The best drinks to serve on Thanksgiving.

The best drinks to serve on Thanksgiving. Credit: Fotolia

Some guests breeze into Thanksgiving dinner bearing perfectly executed pies. Others — those who, say, might require copious alcohol for the holiday — push through the door with bottles clinking.

I’m in the latter camp. Just as hosts think about food courses, I think in terms of alcohol courses. The drive home notwithstanding, Turkey Day is a chance to foist new bottles on unsuspecting relatives, with the added challenge of giving them something they’ll actually drink (not necessarily wild-yeast cider, as I found out last year).

Here are a few suggestions:



The usual: Sparkling wine or lager

Change it up: Sparkling hard cider

To conjure the vibe of the first Thanksgiving in 1621, break out some hard cider. Ciders love on all types of food, especially cheeses, and are lower in alcohol than wine. For $18, Woodside Cider in Aquebogue will fill growlers with one of its rustic hard ciders; the traditional dry is akin to an apple-y Champagne, and the pineapple cider is zesty and astringent. Wölffer Estate’s No. 139 Dry Rose Cider is a lighter, easy-drinker, and more widely available (about $16 for a four-pack).
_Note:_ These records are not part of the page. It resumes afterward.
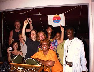 On Wednesday night the 16th of June, 1999, an unofficial "Meeting of the Board" took place at Roots Bamboo! Unbeknownst to to the Negril Entertainment Network crew, the "boarders" took over Jeanne's end of the bar at Roots and kept the fun going late into the evening. The Board that night consisted of the Rasta T's, JA Traveler, Snorkel Boy, PPPattie, Chicago Pam's Crew and Arleen! It was a great meeting of the board at Roots! Daily Music News: The Negril Entertainment Network webcast schedule continue on Thursday night at DeBuss and Friday night from Alfred's - for Arleen's 21st Birthday! It should be a great time mon! For information on how to join the NEN's Chat and Live Webcast, keep watching the Negril Message Board mon!
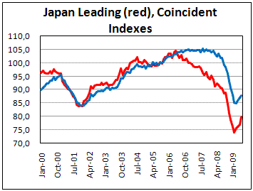 - Опережающие индикаторы Японии ускоряют рост, хотя дефляция в стране может продлиться до 2011г
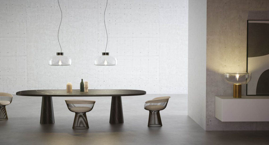 Aella è il tornado, il movimento creato dal dinamico diffusore in vetro soffiato. Da un punto nello spazio prende forma un suggestivo ed evanescente cono di luce, fonte di morbide forme ed armonici riflessi. Disegnata da Toso & Massari, la collezione è composta da lampade a sospensione e da tavolo che racchiudono i principi di design essenziale e senza tempo caratteristici dei prodotti Leucos
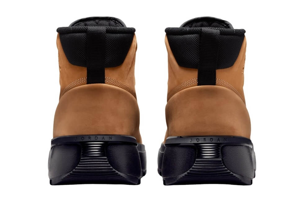 An embroidery of the Jumpman logo in black adorns the tongue tag. The same emblems in gold appear on the lateral sides of the collar. Chunky rubber outsoles enhance traction on a variety of surfaces. Nike lists the official colorway as Black/Muslin/Varsity Red. Lastly, the Jordan City Boot “Flax” is due to launch this fall.
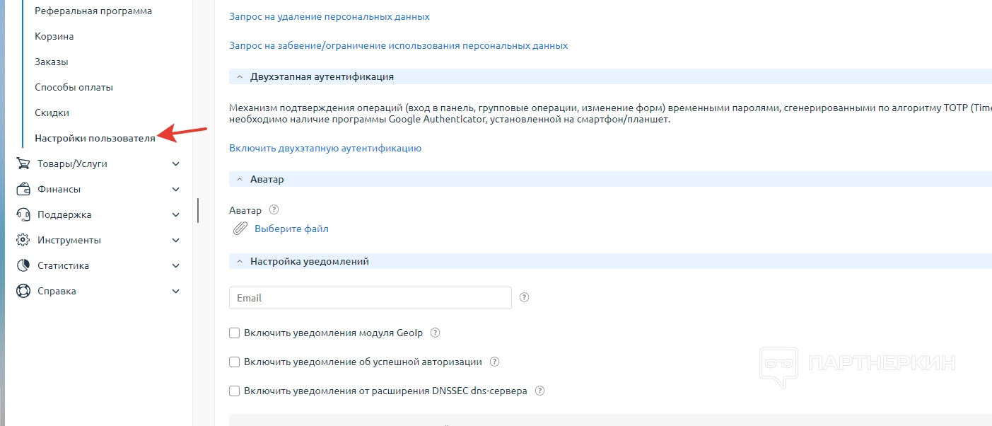 Особое внимание стоит уделить вкладке «Настройки пользователя», где владелец аккаунта может настраивать уведомления, добавлять аватарки, менять визуальное отображение кабинета и пользоваться двухфакторной аутентификацией.
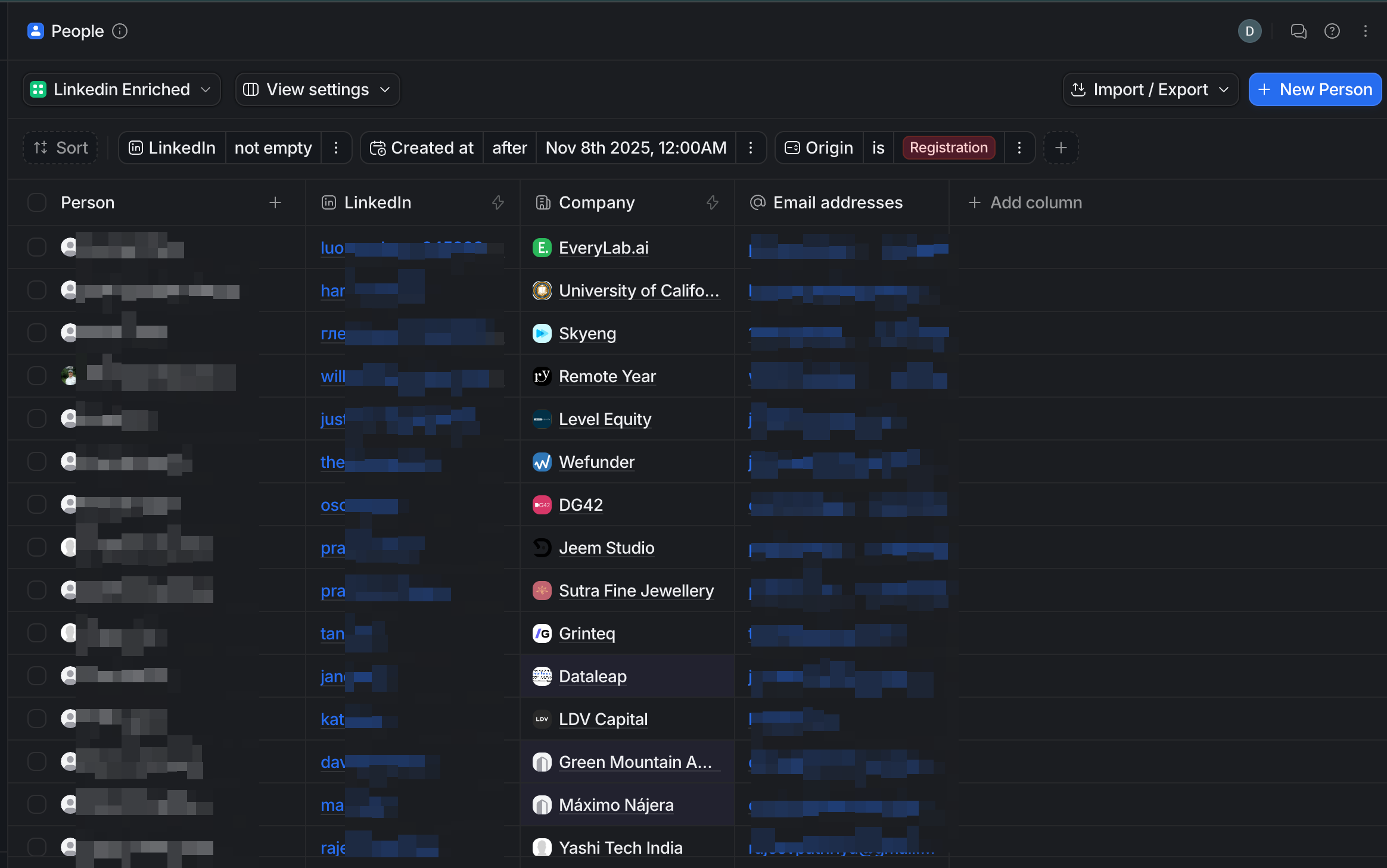 Once enrichment is done, we upsert into Attio with companies matched by domains and people matched by email addresses

The usual: Red blends, merlot, whatever people bring. Sometimes the recently released Beaujolais Nouveau makes an appearance.

Change it up: Gamay-based Beaujalois Nouveau is popular because it’s fresh, cheap and versatile.

For an LI-produced replacement, grab the 2017 Taste Nouveau from Bedell Cellars ($18), a whole-cluster-fermented merlot that’s zippy, super-light and tinged with cranberry flavors; try it slightly chilled. Jamesport Vineyards’ newly released 2015 Estate Syrah ($25) will sate those who like weightier reds. As for whites, Macari Vineyard’s 2016 sauvignon blanc “Life Force” ($28) has enough heft beneath its tropical briskness to match birds, yams and probably most things you might throw at it.



The usual: Coffee, cognac

Change it up: Ice cider or wine

Ice cider, or dessert cider made with apples, is my go-to — this year, it’s Newhall Farm Ice Cider from Vermont (about $33). But any of the Block E dessert wine series from Macari Vineyards, a malty beer such as the Tripel from St. James Brewery, or even some Old Whaler’s Sag Harbor Rum ($35) in a snifter can find their rightful place on the dessert table. And for the pumpkin spice devotee — there’s always at least one — LIV Spirits makes a Sorbetta Pumpkin Pie Liqueur ($22) found at the distillery and elsewhere.

Correction:  An earlier version of this story had an incorrect price for Bedell Cellars' Taste Nouveau.